PKV-Versicherte erwarten Stabilität – die Bewertung ist jedoch komplex
In der Kundenberatung dient die Solvenzquote oft als greifbares Signal für die finanzielle Stärke eines Versicherers – und wird dabei nicht selten auch als Marketinginstrument eingesetzt , insbesondere von Vertriebsorganisationen und Versicherungsvermittlern, die sie zur Untermauerung der Sicherheit und Zuverlässigkeit des jeweiligen Anbieters nutzen. Und in der Tat ist die Kennzahl für PKV-Versicherte durchaus von Bedeutung: Sie möchten schließlich darauf vertrauen können, dass ihr Anbieter auch langfristig zahlungsfähig bleibt und seine Leistungsversprechen selbst in schwierigen Zeiten verlässlich erfüllt.

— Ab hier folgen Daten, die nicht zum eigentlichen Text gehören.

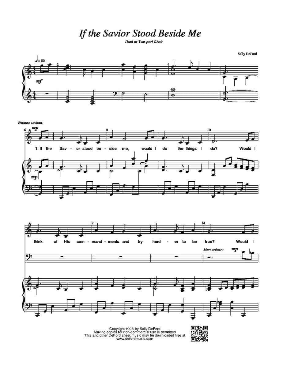 You can also (probably) get an original sheet music/lyrics/related scriptures for if the savior stood beside me (in a flash. There are now so many different versions of this song in circulation that this page is set up in a different format than usual. Defordmusic, defordmusic.com, sally deford music, sally deford genres: Share, download and print free sheet music of.
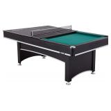 Triumph Phoenix 7’ Billiard Table with Table Tennis Conversion Top for a Game of Pool or an Action-Packed Table Tennis Match The Triumph Phoenix Billiard Table with Conversion Top gives you the choice to play two games on one full-size table. Challenge your opponents to a classic game of pool or an action-packed game of table tennis on the included conversion top. While other conversion tables often sacrifice playability, this 7-foot table maintains its quality on both tables. The table tennis conversion top comes equipped with EVA pads for the underside of the table tennis table, which protect the top rails of the billiard table. Below the table, leg levelers ensure your table is perfectly flat even when the floor is not. The set includes all accessories required for both games: the billiards accessory set includes 2 - 57” billiard cues, a set of 2.25” billiards balls, triangle, brush, and chalk. The table tennis accessory set includes 2 paddles, 2 table tennis balls, and a net post set. Enjoy two classic games in one without sacrificing quality with the Triumph Phoenix! This item is NEW. Please come Preview! No Refunds After Item Has left the Building. Verify the condition of your Item before you leave, Thanks. LARGE ITEMS MUST BE PICKED UP ON THE SCHEDULED NIGHT OF PICKUP. WE WILL NOT HOLD THEM. NO EXCEPTIONS. MSRP: $ 421 |

Gleichzeitig gibt es immer wieder Kritik an den Anforderungen und Berechnungsmethoden von Solvency II. Diese gibt es insbesondere wegen ihrer Komplexität und mangelnden Transparenz. Kleinere Versicherer sehen sich mit übermäßig komplizierten Vorgaben konfrontiert, während die Berechnungen für Außenstehende kaum nachvollziehbar sind. Die Bewertung nach dem Marktwertprinzip führt zu starker Volatilität in der Solvenzquote, obwohl sich das reale Risiko kaum ändert. Kritisiert werden auch pauschale Annahmen der Standardformel , die unternehmensspezifische Risiken nicht immer angemessen abbilden. Dabei ist die Standardformel ein einheitliches Berechnungsschema der Aufsicht zur Bestimmung des Solvenzkapitals, das auf einem modularen Ansatz basiert und pauschale Annahmen über Risiken verwendet.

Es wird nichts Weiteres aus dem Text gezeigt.